A 910kg object is released from rest at an altitude of 1200 km above the north pole of the earth. If we ignore atmospheric friction, with what speed does the object strike the surface of the earth?
(the polar radius of the earth is 6357 km)
You are wrong. The information given implies that this question is specifically testing the student's ability to take the height into account. The correct answer is 4.5 km/s. Could you please demonstrate how to obtain this answer?
My best guess is to determine the acceleration using a=GM/(r+h)^2 and then plug that acceleration into v^2=v0^2+a(y-y0). I had a similar problem in my homework and that got me a better answer than anything else I had tried.
To find the speed at which the object strikes the surface of the Earth, we can use the principle of conservation of mechanical energy. It states that the total mechanical energy of the object remains constant throughout its motion if we neglect any external forces acting on it. In this case, we are ignoring atmospheric friction, so we can use this principle.
The mechanical energy of the object consists of two components: the potential energy due to its altitude and the kinetic energy due to its speed. As the object falls, its potential energy decreases while its kinetic energy increases.
We can start by determining the potential energy of the object when it is at an altitude of 1200 km above the North Pole. The potential energy at any height is given by the formula:
Potential energy = mass * acceleration due to gravity * height
Here, the mass of the object is 910 kg, and the acceleration due to gravity at the surface of the Earth is approximately 9.8 m/s^2 (which remains relatively constant within the range considered).
However, we need to convert the height from kilometers to meters, so 1200 km becomes 1200000 m. Plugging the values into the formula, we get:
Potential energy = 910 kg * 9.8 m/s^2 * 1200000 m
Next, we need to determine the kinetic energy of the object just before it hits the surface of the Earth. The kinetic energy is given by the formula:
Kinetic energy = (1/2) * mass * velocity^2
Since the object starts from rest, its initial velocity is 0. We want to find the final velocity, which is the speed at which it strikes the Earth's surface. Plugging the mass (910 kg) and velocity (which is what we are solving for) into the formula, we get:
Kinetic energy = (1/2) * 910 kg * velocity^2
According to the principle of conservation of mechanical energy, the total mechanical energy remains constant.
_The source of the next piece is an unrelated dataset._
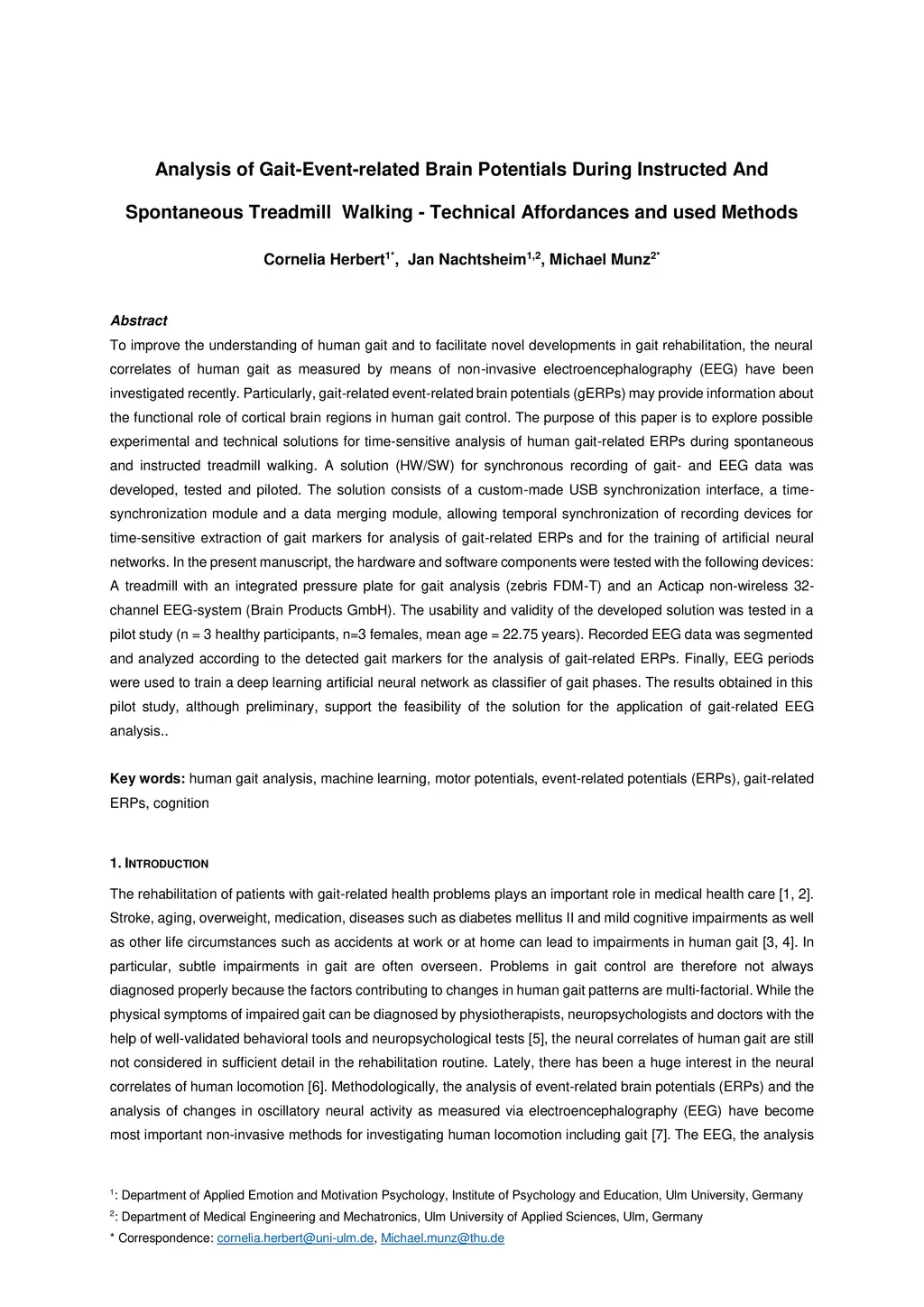To improve the understanding of human gait and to facilitate novel developments in gait rehabilitation, the neural correlates of human gait as measured by means of non-invasive electroencephalography (EEG) have been investigated recently. Particularly, gait-related event-related brain potentials (gERPs) may provide information about the functional role of cortical brain regions in human gait control. The purpose of this paper is to explore possible experimental and technical solutions for time-sensitive analysis of human gait-related ERPs during spontaneous and instructed treadmill walking. A solution (HW/SW) for synchronous recording of gait- and EEG data was developed, tested and piloted. The solution consists of a custom-made USB synchronization interface, a time-synchronization module and a data merging module, allowing temporal synchronization of recording devices for time-sensitive extraction of gait markers for analysis of gait-related ERPs and for the training of artificial neural networks. In the present manuscript, the hardware and software components were tested with the following devices: A treadmill with an integrated pressure plate for gait analysis (zebris FDM-T) and an Acticap non-wireless 32-channel EEG-system (Brain Products GmbH). The usability and validity of the developed solution was tested in a pilot study (n = 3 healthy participants, n=3 females, mean age = 22.75 years). Recorded EEG data was segmented and analyzed according to the detected gait markers for the analysis of gait-related ERPs. Finally, EEG periods were used to train a deep learning artificial neural network as classifier of gait phases. The results obtained in this pilot study, although preliminary, support the feasibility of the solution for the application of gait-related EEG analysis..

Therefore, the potential energy at the top should be equal to the kinetic energy at the bottom.
Now equate the potential energy and kinetic energy equations and solve for the velocity:
Potential energy = Kinetic energy
910 kg * 9.8 m/s^2 * 1200000 m = (1/2) * 910 kg * velocity^2
Simplifying the equation:
10584000000 J = (1/2) * 910 kg * velocity^2
Now solve for velocity:
velocity^2 = (2 * 10584000000 J) / 910 kg
velocity^2 = 23200000000 J/kg
velocity = sqrt(23200000000 J/kg)
Finally, calculate the square root of 23200000000 J/kg to find the velocity.
v = sqrt(2 g y) = sqrt(2*9.8*1200)
Unless they want to get picky about the change in g at that height.